October 31, 2024
This release (2.9.0-b383) of Cloudera DataFlow increases developer productivity through the introduction of Parameter Groups which can be shared between flow drafts. Developers can now also create NiFi 2.0 flows in the Designer leveraging new Cloudera exclusive processors for building RAG data pipelines. Deployments can now be configured with a Prometheus endpoint that allows scraping Apache NiFi metrics. Cloudera DataFlow’s service and deployment events and alerts now support in-app and email notifications.
What's new
- Latest NiFi version
-
Flow Deployments and Test Sessions now support the latest Apache NiFi 1.27 release.
- Build NiFi 2.0 flows in Flow Designer [Technical Preview]
-
You can now select NiFi 2.0 when creating drafts and start test sessions including the ability to configure your test session to use your custom Python based processors.
New Cloudera-exclusive AI processors for NiFi 2 [Technical Preview]

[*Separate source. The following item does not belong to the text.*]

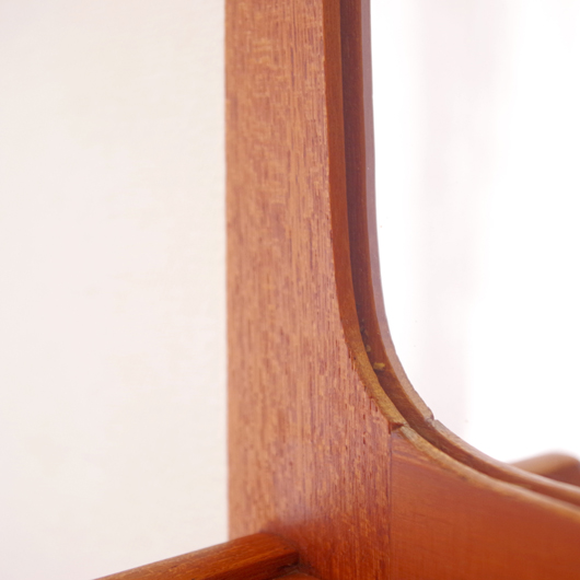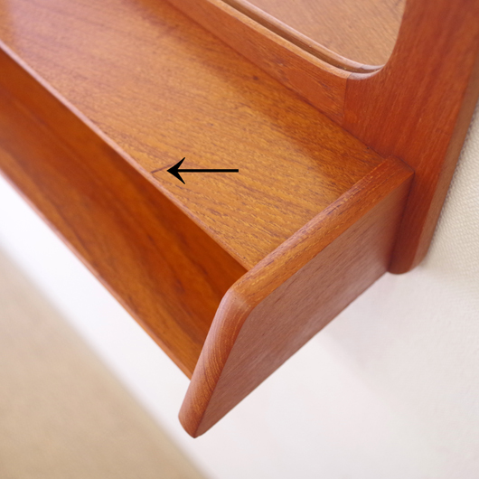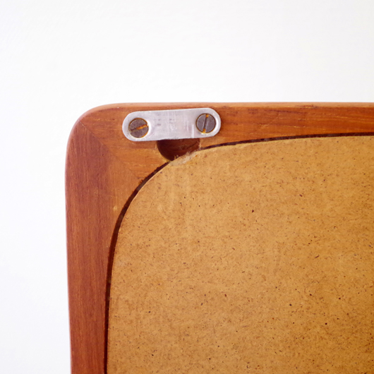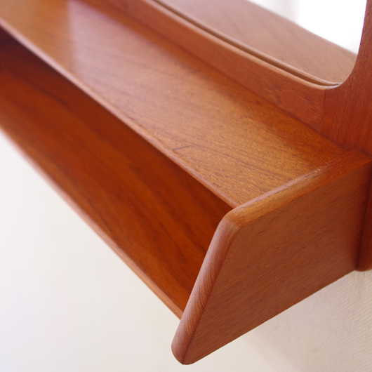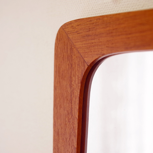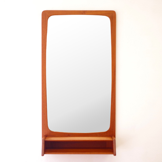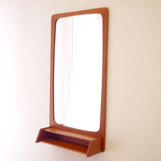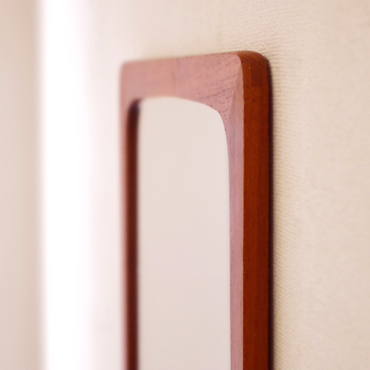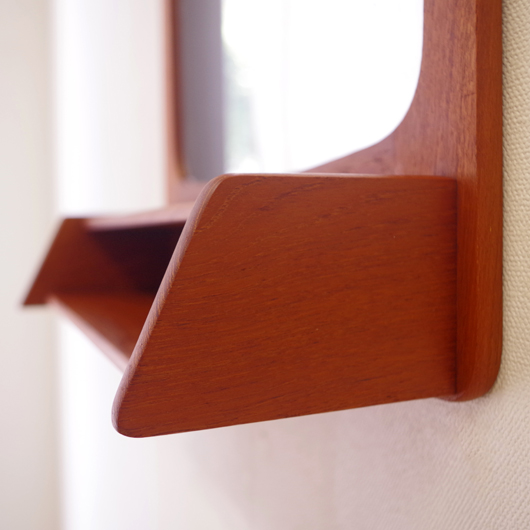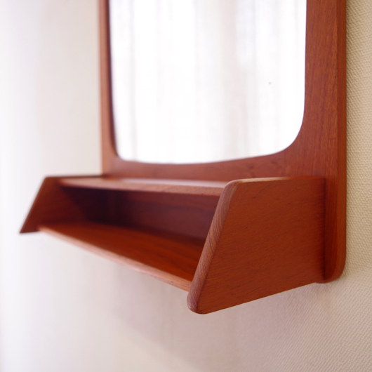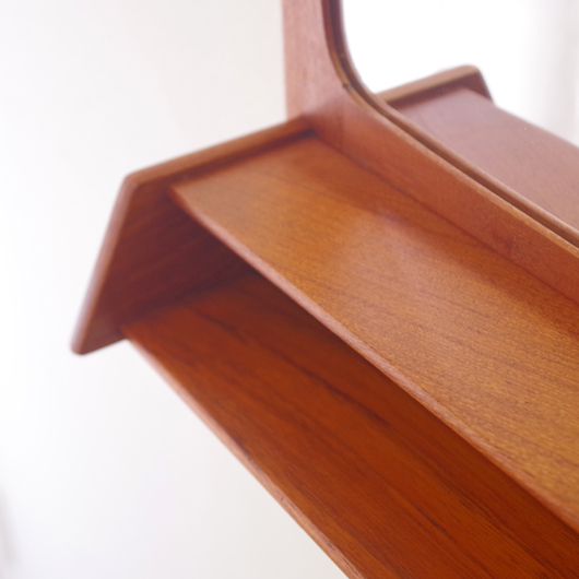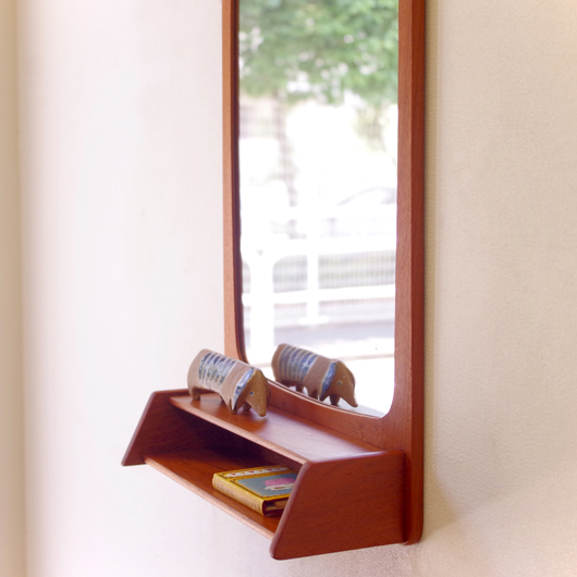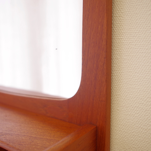 1960年代デンマークPedersen & Hansen製の、ヴィンテージ壁掛ミラーです。素材にはチークの無垢材が用いられており、角を落としたすっきりとしたデザインゆえにヴィンテージのチーク材の良さが引き立ちます。ミラーの下にはオープンの棚が付いており、側面が斜め切り出された使い勝手の良さが特徴です。 寝室に取り付けてヘアブラシなどとセットにして身だしなみを整えたり、玄関先で鍵の置いたり花瓶などの飾り棚にしたりと、様々な使い方が思い浮かびます。 丁寧な修復を行い、全体的に綺麗な状態です。鏡面にわずかにくもりなどがありますので、ご希望により交換も承らせていただきます(お見積もりをさせていただきますので、事前にメールにてお問い合わせください)。詳しくは画像にてご確認ください。

You can now implement RAG pipelines by using new processors to parse, chunk and vectorize data, bringing context to their LLMs. The following processors are now available with NiFi 2:
-
PartitionPdf, PartitionHtml, PartitionText, PartitionDocx, PartitionCsv
-
ChunkData
-
EmbedData
-
InsertToMilvus, LexicalQueryMilvus, VectorQueryMilvus
-
PutChroma, QueryChroma
-
PutOpenSearchVector, QueryOpenSearchVector
-
- Bedrock Parameter Groups
-
You can now centrally define and manage parameter groups in a workspace and re-use them for multiple drafts, eliminating tedious copy-and-pasting of parameters and their values.
- New Resources page
-
Users can now easily view and manage all their workspace resources like deployments, drafts, parameter groups, inbound connections, custom NAR/Python configurations in a single place.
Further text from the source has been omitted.